It is noted that the relation (2) also derives from the above-described equation (A).

Regarding the relation (2), the thickness t of the rear muffler 139, the level difference L2 between the peripheral portion 139 c of the rear muffler 139 and a part of the rear muffler 139 which part contacts the end surface 138 h of the side wall 138 d of the rear head 138, the distance a between the axial center of the rear head 138 and a part of the inner periphery of the fastening hole 138 i of the side wall 138 d which part is closest to the axial center of the rear head 138, and the distance b between the axial center of the rear head 138 and the outer periphery of the boss portion 138 c are arranged as shown in FIG. 8 and FIG. 9. The flexibility factor α with respect to the diameter ratio b/a is determined according to the ratio between the aforesaid distances and b, and is determined by the graph in FIG. 7.

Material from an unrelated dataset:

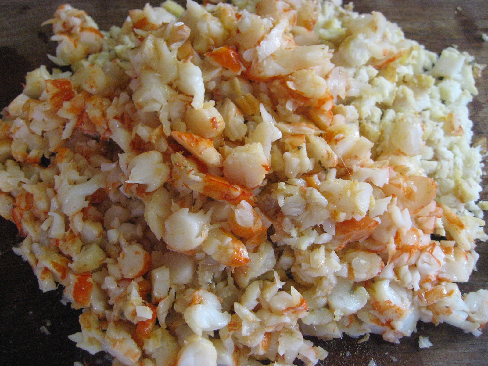 8º " Añadimos el jugo de las cabezas de las gambas, dos cazos del fumet de pescado y unas tres cucharadas soperas de crema de leche, lo mezclamos bien y se lo añadimos al picadillo que hemos hecho con el pescado y las gambas, mezclamos y listo ya tenemos el relleno.

The rear muffler 139 forms the muffler space A2 with the rear head 138 in order to reduce noise associated with the discharge of refrigerant. This rear muffler 139 is attached to block off a recess 138A of the rear head 138. The rear muffler 139 has five through holes (not illustrated) positionally corresponding to the fastening holes 138 i of the rear head 138, an opening 139 b into which the shaft 22 is inserted, a peripheral portion 139 c around the opening 139 b, and a discharge hole (not illustrated) through which compressed refrigerant is discharged from the muffler space A2. In the present embodiment, the peripheral portion 139 c of the rear muffler 139 before being fastened to rear head 138 is arranged to protrude from a part which contacts the end surface 138 h of the side wall 138 d of the rear head 138. The rear muffler 139 is made of a ferrous material.

The above-described sealing structure 150 between the rear head 138 and the rear muffler 139 is formed in such a way that the rear muffler 139 is attached to the rear head 138. More specifically, five bolts 42 are screwed into the screw holes of the front cylinder 33 via the five through holes made through the rear muffler 139, the five fastening holes 138 i made through the rear head 138, and the five through holes made through the middle plate 35, so that the rear muffler 139 is fixed to the rear head 138. As a result, the peripheral portion 139 c of the opening 139 b of the rear muffler 139 contacts the end surface 138 g of the boss portion 138 c of the rear head 138. In this regard, since the peripheral portion 139 c is formed to protrude from the part contacting the end surface 138 h of the side wall 138 d of the rear head 138, the rear muffler 139 flexes as the peripheral portion 139 c thereof contacts the end surface of the boss portion 138 c. By this flexing force of the peripheral portion 139 c, the boss portion 138 c of the rear head 138 tightly contacts the peripheral portion 139 c of the rear muffler 139.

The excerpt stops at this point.